━━━━━ Data extracts
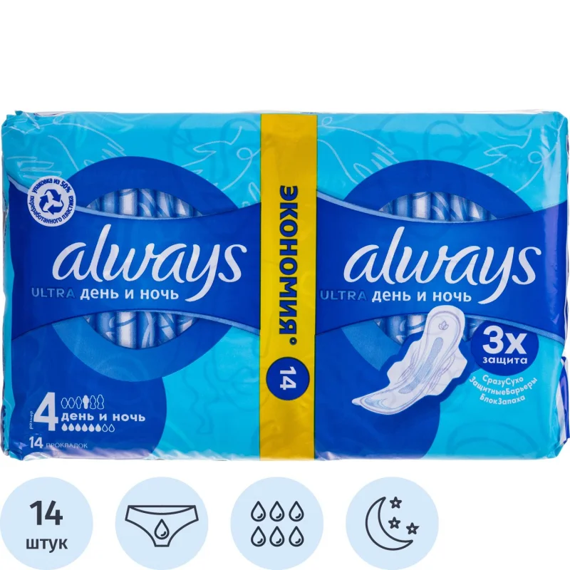 Прокладки женские гигиенические Always Ultra «День и Ночь» (14 штук в упаковке)
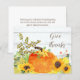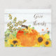 Rustikale Herbstkarte mit Aquarellkürbis, Sonnenblumen und der Phrase "Give Danke". Ideal für Erntedank, Herbst-Ansammlungen oder für das Senden von saisonalen Dankbarkeit. Ein gemütliches Bauernhaus-inspiriert Design für Familien, Freunde oder Herbergen Notizen. Mit nur wenigen Klicks personalisieren Sie die Rückseite der Karte einfach.
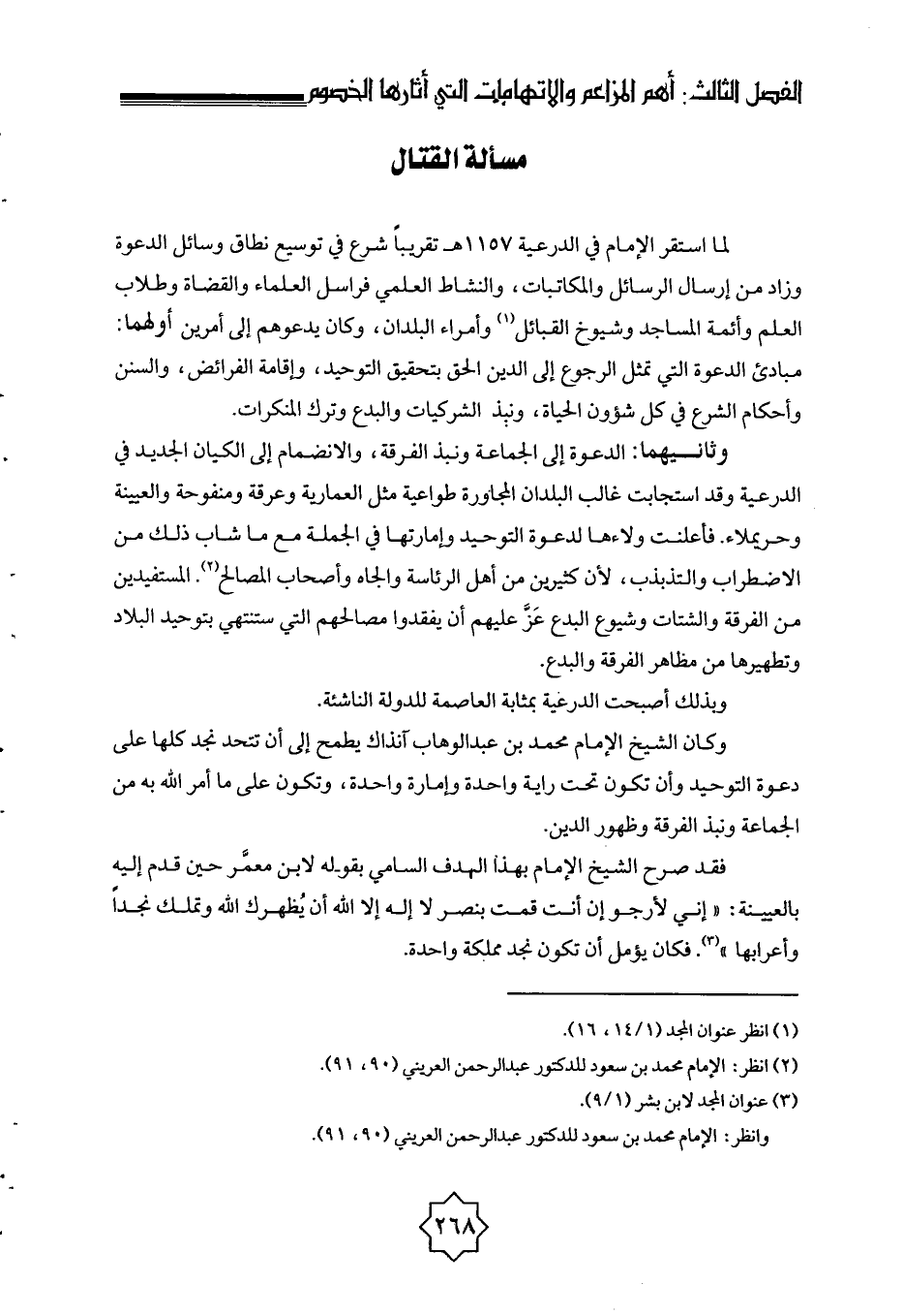 مسألة القتال لما استقر الإمام في الدرعية 1157هـ تقريبًا شرع في توسيع نطاق وسائل الدعوة، وزاد من إرسال الرسائل والمكاتبات، والنشاط العلمي فراسل العلماء والقضاة وطلاب العلم وأئمة المساجد وشيوخ القبائل (¬1) وأمراء البلدان، وكان يدعوهم إلى أمرين أولهما: مبادئ الدعوة التي تمثل الرجوع إلى الدين الحق بتحقيق التوحيد، وإقامة الفرائض، والسنن وأحكام الشرع في كل شؤون الحياة، ونبذ الشركيات والبدع وترك المنكرات.
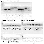 Supplemental Figure 6 (a) Full - DNA gel showing the PCR product for each l1cam F0 CRISPR mutant and control, before and after cutting with T7 endonuclease I. (b) Full - DNA gel showing the PCR product for each crb2 F0 CRISPR mutant and control, before and after cutting with T7 endonuclease I. |
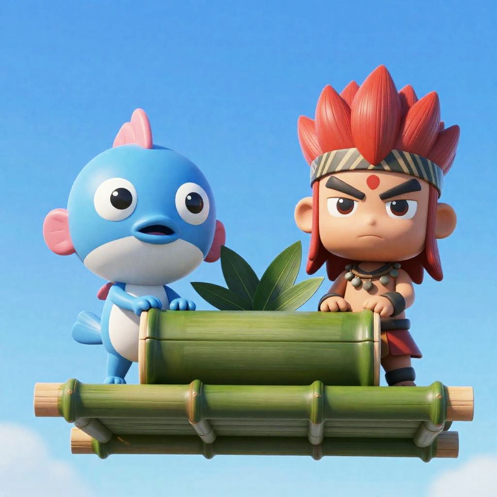 Photograph of two cartoonish, anthropomorphic characters hiding in a dense, sunlit forest. The character on the left has black, shaggy hair, large eyes, and a wide smile, while the character on the right has brown fur, large tusks, and a similar wide-eyed expression. Tall grass and green foliage surround them, creating a natural, secretive setting.
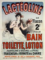 19e eeuwse advertentie poster van een topless zeemeermin of meermin, naakt die zeep aanprijst voor in bad. De meid is bloot en heeft een spons vast, waarbij haar buik, torso, borsten, schouders en armen zichtbaar zijn.
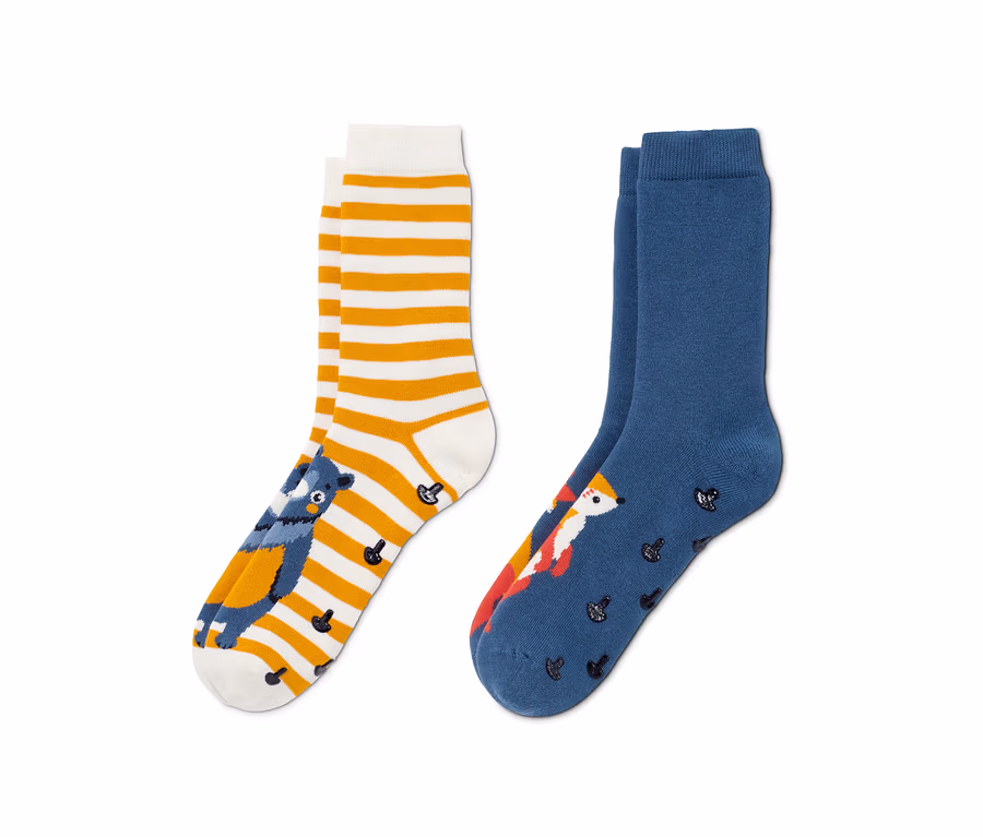 2 Paar Antirutsch-Socken, 1x mit Bär-Motiv, 1x mit Fuchs-Motiv
━━━━━━━━━━
Problem details
Retype each record exactly as it appears above and drop the images.

Result for this task
 Прокладки женские гигиенические Always Ultra «День и Ночь» (14 штук в упаковке)
 Rustikale Herbstkarte mit Aquarellkürbis, Sonnenblumen und der Phrase "Give Danke". Ideal für Erntedank, Herbst-Ansammlungen oder für das Senden von saisonalen Dankbarkeit. Ein gemütliches Bauernhaus-inspiriert Design für Familien, Freunde oder Herbergen Notizen. Mit nur wenigen Klicks personalisieren Sie die Rückseite der Karte einfach.
 مسألة القتال لما استقر الإمام في الدرعية 1157هـ تقريبًا شرع في توسيع نطاق وسائل الدعوة، وزاد من إرسال الرسائل والمكاتبات، والنشاط العلمي فراسل العلماء والقضاة وطلاب العلم وأئمة المساجد وشيوخ القبائل (¬1) وأمراء البلدان، وكان يدعوهم إلى أمرين أولهما: مبادئ الدعوة التي تمثل الرجوع إلى الدين الحق بتحقيق التوحيد، وإقامة الفرائض، والسنن وأحكام الشرع في كل شؤون الحياة، ونبذ الشركيات والبدع وترك المنكرات.
 Supplemental Figure 6 (a) Full - DNA gel showing the PCR product for each l1cam F0 CRISPR mutant and control, before and after cutting with T7 endonuclease I. (b) Full - DNA gel showing the PCR product for each crb2 F0 CRISPR mutant and control, before and after cutting with T7 endonuclease I. |
 Photograph of two cartoonish, anthropomorphic characters hiding in a dense, sunlit forest. The character on the left has black, shaggy hair, large eyes, and a wide smile, while the character on the right has brown fur, large tusks, and a similar wide-eyed expression. Tall grass and green foliage surround them, creating a natural, secretive setting.
 19e eeuwse advertentie poster van een topless zeemeermin of meermin, naakt die zeep aanprijst voor in bad. De meid is bloot en heeft een spons vast, waarbij haar buik, torso, borsten, schouders en armen zichtbaar zijn.
 2 Paar Antirutsch-Socken, 1x mit Bär-Motiv, 1x mit Fuchs-Motiv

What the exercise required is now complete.